CRESCIMENTO, REFORMAS E INTERNACIONALIZAÇÃO

O Brasil pode estar próximo a ingressar na rota do crescimento prolongado, com reflexos positivos para o emprego e a renda da população.

2.    A performance atual da economia só foi possível graças ao controle da inflação, à liberdade cambial e de preços e à política de contenção da dívida interna por meio dos superávits primários. Esses avanços, se quisermos a continuidade do circuito da prosperidade, precisam ser preservados e até aprimorados, principalmente a questão fiscal. Cabe a volta das discussões sobre as reformas necessárias, como, por exemplo, a trabalhista, a previdenciária e a tributária, adverte Márcio Cypriano, presidente do Bradesco (´Devemos perseverar no que está dando certo´. Gazeta Mercantil, São Paulo, 07 dez. 2007, p. A3).

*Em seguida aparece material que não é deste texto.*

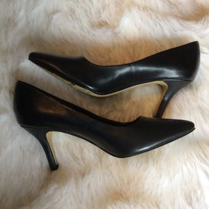 New Black leather heels WORN ONCE, excellent condition.

3.    O mercado de capitais deslancha, porquanto, de um lado, temos boas empresas em busca de recursos para expansão ou novos projetos e, de outro lado, encontramos investidores interessados em ampliar a rentabilidade de suas aplicações e vêem nas ações uma alternativa viável. Ademais, as empresas brasileiras possuem contabilidade clara e o modelo de administração é ético e transparente. Esses fatos tornaram o mercado de bolsa brasileiro um excelente negócio (id.).

4.    Hiato de produto - Fala-se do câmbio supervalorizado, da carga tributária, dos gastos públicos, da alta taxa nominal dos juros, mas o Brasil, assim como em 1967/68, reúne as condições para a repetição do ´milagre brasileiro´, embora a 6% ou 8% ao ano, ao invés de 10% ou mais ao ano, avalia Antonio Carlos Lemgruber, economista, ex-presidente do BCB (´Brasil, macroeconomia e política´. Folha de S. Paulo, São Paulo, 15 dez. 2007, p. B2).

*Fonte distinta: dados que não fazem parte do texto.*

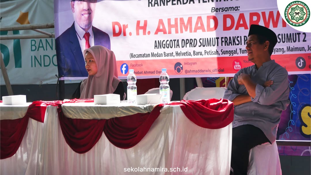 Hari ini, Anggota DPRD Sumatera Utara Bapak Dr. H. Ahmad Darwis, S.Ag., M.A hadir langsung di SMA Islam Namira dalam rangka sosialisasi Peraturan Daerah (PERDA) sekaligus pelaksanaan pelatihan antisipasi penyalahgunaan narkoba bersama BMPS.

5.    Explica o economista: após 25 anos de baixo crescimento efetivo, o ´hiato do produto´ é certamente enorme e há espaço para o Brasil crescer durante vários anos a taxas superiores a 4% anuais, sem provocar a aceleração da inflação. Graças aos automóveis e aos imóveis, entre outros, a economia poderá voltar a crescer na faixa de 7% a partir de 2008.

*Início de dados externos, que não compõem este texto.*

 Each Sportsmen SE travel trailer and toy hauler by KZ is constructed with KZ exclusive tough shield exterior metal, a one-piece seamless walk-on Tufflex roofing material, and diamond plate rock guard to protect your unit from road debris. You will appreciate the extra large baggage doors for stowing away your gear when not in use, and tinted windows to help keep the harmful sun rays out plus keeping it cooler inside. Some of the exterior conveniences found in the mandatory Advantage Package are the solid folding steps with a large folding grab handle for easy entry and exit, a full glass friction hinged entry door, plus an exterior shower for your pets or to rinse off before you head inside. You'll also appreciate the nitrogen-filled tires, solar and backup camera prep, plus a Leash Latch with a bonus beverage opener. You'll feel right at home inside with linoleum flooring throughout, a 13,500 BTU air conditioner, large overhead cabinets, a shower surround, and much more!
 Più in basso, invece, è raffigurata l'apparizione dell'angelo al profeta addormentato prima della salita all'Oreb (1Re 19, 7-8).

6.    Gargalos - A expansão das exportações brasileiras depende da solução dos gargalos logístico, burocrático e fiscal (o mais difícil). A privatização dos portos e das estradas de ligação com eles poderia dar destravada monstruosa no comércio exterior. Em Amsterdã, um ´contêiner´ é embarcado em quatro horas. No Brasil, leva três dias, e essa demora significa menos competitividade, observa Luiz Olavo Baptista, advogado de comércio internacional, recém-eleito presidente do Tribunal de Apelação da Organização Mundial de Comércio (OMC) (Veja, São Paulo: Abril, n. 2039, 19 dez. 2007, p. 11).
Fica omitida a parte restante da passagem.